▶ Stored data entries

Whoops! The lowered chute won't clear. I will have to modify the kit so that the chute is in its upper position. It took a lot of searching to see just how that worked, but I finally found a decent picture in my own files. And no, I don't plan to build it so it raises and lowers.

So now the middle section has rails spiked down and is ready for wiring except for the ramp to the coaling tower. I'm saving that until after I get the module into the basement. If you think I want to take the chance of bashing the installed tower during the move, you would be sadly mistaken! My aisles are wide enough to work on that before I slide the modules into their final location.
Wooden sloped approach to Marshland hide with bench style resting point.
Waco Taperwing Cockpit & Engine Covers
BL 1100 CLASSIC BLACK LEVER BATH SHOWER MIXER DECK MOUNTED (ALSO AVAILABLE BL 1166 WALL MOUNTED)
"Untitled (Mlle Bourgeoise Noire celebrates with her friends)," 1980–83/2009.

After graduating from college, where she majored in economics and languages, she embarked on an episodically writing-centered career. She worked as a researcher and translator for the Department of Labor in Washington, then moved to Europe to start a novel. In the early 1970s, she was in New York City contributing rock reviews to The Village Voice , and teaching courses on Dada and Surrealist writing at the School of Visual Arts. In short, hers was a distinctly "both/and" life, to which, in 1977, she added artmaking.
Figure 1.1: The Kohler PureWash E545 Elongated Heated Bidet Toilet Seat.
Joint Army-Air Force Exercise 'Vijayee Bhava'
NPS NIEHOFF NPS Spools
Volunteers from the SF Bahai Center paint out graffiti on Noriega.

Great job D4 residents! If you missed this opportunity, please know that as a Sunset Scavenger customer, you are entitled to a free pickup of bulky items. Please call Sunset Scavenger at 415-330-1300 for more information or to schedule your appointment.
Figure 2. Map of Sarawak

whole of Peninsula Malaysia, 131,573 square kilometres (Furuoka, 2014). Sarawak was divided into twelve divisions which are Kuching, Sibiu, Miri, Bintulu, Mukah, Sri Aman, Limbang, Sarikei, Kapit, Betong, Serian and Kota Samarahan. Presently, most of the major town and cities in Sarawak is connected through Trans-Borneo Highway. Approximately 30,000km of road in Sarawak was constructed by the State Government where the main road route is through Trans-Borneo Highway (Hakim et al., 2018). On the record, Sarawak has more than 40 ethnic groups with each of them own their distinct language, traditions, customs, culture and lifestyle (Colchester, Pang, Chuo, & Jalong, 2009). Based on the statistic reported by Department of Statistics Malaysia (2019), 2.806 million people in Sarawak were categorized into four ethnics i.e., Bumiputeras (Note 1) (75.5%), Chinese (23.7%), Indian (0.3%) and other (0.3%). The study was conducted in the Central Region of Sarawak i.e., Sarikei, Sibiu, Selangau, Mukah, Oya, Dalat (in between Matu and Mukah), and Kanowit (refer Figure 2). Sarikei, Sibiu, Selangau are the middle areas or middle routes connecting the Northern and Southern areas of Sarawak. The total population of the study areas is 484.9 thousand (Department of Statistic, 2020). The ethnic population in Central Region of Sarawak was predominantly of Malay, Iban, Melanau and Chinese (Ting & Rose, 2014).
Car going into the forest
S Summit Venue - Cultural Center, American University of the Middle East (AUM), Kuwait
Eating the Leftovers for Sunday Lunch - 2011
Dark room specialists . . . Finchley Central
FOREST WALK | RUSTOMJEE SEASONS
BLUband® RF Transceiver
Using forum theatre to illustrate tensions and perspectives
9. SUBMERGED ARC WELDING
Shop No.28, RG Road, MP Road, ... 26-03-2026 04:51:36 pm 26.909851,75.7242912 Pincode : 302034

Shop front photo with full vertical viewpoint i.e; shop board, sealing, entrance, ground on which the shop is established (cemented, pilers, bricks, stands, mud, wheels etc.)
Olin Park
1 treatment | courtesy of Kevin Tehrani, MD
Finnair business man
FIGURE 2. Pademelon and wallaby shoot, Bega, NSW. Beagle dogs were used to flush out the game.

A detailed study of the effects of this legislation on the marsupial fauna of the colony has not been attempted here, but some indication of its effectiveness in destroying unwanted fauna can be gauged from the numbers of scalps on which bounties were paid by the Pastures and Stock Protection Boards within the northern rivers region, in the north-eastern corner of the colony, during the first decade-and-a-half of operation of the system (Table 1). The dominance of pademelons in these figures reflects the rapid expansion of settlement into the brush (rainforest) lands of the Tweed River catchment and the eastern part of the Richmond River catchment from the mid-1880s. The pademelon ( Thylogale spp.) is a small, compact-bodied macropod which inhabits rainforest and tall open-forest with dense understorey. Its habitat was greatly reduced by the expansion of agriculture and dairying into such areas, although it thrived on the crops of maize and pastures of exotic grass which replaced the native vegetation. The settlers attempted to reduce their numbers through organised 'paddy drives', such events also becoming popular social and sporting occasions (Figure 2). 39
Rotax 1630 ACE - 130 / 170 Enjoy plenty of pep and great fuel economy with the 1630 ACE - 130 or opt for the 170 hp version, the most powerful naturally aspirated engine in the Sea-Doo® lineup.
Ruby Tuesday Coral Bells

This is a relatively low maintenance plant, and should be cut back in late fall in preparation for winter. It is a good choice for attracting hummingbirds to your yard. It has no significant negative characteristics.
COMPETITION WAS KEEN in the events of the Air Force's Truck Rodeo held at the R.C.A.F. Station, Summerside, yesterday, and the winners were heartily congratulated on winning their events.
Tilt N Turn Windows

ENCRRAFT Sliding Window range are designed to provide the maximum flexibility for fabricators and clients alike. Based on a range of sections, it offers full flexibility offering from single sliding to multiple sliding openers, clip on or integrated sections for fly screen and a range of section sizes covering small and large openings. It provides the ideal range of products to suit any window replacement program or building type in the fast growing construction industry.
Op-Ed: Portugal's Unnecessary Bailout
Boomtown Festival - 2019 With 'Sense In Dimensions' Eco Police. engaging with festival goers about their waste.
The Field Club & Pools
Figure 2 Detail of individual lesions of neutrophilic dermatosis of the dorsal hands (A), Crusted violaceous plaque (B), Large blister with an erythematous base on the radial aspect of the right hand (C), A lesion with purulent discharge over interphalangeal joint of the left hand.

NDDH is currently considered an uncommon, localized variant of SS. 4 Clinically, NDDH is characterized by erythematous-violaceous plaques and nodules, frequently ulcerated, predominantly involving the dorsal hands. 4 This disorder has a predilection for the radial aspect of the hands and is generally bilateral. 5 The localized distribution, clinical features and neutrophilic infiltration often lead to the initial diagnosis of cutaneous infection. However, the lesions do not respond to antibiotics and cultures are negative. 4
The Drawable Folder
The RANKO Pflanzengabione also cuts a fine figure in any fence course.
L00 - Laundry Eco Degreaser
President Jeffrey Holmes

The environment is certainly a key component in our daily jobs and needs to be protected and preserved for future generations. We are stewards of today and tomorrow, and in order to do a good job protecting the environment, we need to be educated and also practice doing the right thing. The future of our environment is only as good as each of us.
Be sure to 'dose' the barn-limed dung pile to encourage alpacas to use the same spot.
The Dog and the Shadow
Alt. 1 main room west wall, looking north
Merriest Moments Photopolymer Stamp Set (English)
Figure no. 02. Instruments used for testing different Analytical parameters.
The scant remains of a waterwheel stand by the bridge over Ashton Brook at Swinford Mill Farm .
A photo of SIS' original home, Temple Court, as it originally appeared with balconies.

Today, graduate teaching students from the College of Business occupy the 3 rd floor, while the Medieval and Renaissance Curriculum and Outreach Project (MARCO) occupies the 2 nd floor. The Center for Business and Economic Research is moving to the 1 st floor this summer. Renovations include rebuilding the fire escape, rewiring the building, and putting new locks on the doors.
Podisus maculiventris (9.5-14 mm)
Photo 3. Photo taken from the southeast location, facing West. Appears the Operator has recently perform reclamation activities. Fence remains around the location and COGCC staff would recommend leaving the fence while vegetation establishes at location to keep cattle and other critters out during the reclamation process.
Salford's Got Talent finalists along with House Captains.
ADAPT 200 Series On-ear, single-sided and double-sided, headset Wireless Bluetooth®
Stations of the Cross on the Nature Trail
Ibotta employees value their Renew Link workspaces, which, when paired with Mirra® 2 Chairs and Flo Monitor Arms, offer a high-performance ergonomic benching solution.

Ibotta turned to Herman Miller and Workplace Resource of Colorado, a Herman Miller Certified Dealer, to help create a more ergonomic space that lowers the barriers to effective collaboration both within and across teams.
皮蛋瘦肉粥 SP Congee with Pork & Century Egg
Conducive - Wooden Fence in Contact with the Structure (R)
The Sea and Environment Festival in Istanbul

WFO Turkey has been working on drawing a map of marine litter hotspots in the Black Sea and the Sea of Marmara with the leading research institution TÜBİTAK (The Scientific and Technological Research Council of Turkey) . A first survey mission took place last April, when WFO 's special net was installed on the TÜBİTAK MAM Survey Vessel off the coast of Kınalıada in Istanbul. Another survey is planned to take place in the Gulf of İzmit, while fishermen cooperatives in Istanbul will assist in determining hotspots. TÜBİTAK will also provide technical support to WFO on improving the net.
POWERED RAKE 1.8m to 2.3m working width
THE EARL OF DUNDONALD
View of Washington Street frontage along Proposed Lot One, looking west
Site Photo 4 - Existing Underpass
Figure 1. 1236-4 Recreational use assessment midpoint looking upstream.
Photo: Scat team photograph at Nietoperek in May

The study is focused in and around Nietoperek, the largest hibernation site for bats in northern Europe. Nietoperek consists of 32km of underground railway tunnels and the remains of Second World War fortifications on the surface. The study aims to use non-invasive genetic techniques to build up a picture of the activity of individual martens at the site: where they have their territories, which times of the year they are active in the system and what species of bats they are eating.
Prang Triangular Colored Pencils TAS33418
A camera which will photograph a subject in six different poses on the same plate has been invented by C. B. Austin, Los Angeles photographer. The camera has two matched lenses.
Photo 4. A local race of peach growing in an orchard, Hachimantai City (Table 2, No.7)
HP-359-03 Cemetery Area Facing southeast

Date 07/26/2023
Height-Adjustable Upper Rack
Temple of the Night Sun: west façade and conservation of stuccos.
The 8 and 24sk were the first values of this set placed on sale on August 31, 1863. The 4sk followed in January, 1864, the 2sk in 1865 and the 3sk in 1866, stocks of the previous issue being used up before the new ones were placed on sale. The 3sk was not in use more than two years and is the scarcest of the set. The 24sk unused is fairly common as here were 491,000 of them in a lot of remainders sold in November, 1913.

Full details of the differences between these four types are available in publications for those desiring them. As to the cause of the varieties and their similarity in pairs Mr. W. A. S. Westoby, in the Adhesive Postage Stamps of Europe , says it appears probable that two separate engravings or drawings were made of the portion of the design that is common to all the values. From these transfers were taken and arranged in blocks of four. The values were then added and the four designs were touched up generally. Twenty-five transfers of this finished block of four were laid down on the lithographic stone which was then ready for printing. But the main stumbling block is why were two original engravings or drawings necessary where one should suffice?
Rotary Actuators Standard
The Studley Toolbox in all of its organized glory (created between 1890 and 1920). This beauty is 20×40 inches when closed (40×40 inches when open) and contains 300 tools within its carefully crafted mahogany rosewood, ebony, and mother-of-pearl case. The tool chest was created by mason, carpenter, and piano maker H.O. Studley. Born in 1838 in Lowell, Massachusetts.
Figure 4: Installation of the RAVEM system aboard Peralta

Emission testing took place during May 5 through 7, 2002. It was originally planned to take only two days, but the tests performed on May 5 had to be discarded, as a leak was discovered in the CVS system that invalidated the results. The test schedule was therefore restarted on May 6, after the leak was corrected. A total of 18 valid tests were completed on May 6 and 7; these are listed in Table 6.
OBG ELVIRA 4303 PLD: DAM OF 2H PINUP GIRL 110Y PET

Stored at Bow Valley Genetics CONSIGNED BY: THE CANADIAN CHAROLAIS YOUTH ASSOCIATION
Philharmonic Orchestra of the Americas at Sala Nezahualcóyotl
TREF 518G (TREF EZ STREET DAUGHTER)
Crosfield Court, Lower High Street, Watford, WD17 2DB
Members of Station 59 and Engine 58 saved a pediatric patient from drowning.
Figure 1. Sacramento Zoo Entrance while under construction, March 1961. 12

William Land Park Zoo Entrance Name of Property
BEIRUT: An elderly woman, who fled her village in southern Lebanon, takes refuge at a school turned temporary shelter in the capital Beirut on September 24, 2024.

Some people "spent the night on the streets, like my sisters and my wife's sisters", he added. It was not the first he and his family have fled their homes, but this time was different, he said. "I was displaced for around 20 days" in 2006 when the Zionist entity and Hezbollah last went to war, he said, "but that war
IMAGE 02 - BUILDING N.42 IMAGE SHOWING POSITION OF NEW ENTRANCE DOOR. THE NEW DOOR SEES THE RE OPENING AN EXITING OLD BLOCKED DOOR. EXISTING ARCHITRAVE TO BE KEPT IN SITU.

▶ WHAT THE TASK ASKS
For this exercise, please output exactly the lines above starting at the line with "Rotax 1630 ACE" and ending at the line with "The RANKO Pflanzengabione", ends included.

▶ ANSWER SECTION
Rotax 1630 ACE - 130 / 170 Enjoy plenty of pep and great fuel economy with the 1630 ACE - 130 or opt for the 170 hp version, the most powerful naturally aspirated engine in the Sea-Doo® lineup.
Ruby Tuesday Coral Bells

This is a relatively low maintenance plant, and should be cut back in late fall in preparation for winter. It is a good choice for attracting hummingbirds to your yard. It has no significant negative characteristics.
COMPETITION WAS KEEN in the events of the Air Force's Truck Rodeo held at the R.C.A.F. Station, Summerside, yesterday, and the winners were heartily congratulated on winning their events.
Tilt N Turn Windows

ENCRRAFT Sliding Window range are designed to provide the maximum flexibility for fabricators and clients alike. Based on a range of sections, it offers full flexibility offering from single sliding to multiple sliding openers, clip on or integrated sections for fly screen and a range of section sizes covering small and large openings. It provides the ideal range of products to suit any window replacement program or building type in the fast growing construction industry.
Op-Ed: Portugal's Unnecessary Bailout
Boomtown Festival - 2019 With 'Sense In Dimensions' Eco Police. engaging with festival goers about their waste.
The Field Club & Pools
Figure 2 Detail of individual lesions of neutrophilic dermatosis of the dorsal hands (A), Crusted violaceous plaque (B), Large blister with an erythematous base on the radial aspect of the right hand (C), A lesion with purulent discharge over interphalangeal joint of the left hand.

NDDH is currently considered an uncommon, localized variant of SS. 4 Clinically, NDDH is characterized by erythematous-violaceous plaques and nodules, frequently ulcerated, predominantly involving the dorsal hands. 4 This disorder has a predilection for the radial aspect of the hands and is generally bilateral. 5 The localized distribution, clinical features and neutrophilic infiltration often lead to the initial diagnosis of cutaneous infection. However, the lesions do not respond to antibiotics and cultures are negative. 4
The Drawable Folder
The RANKO Pflanzengabione also cuts a fine figure in any fence course.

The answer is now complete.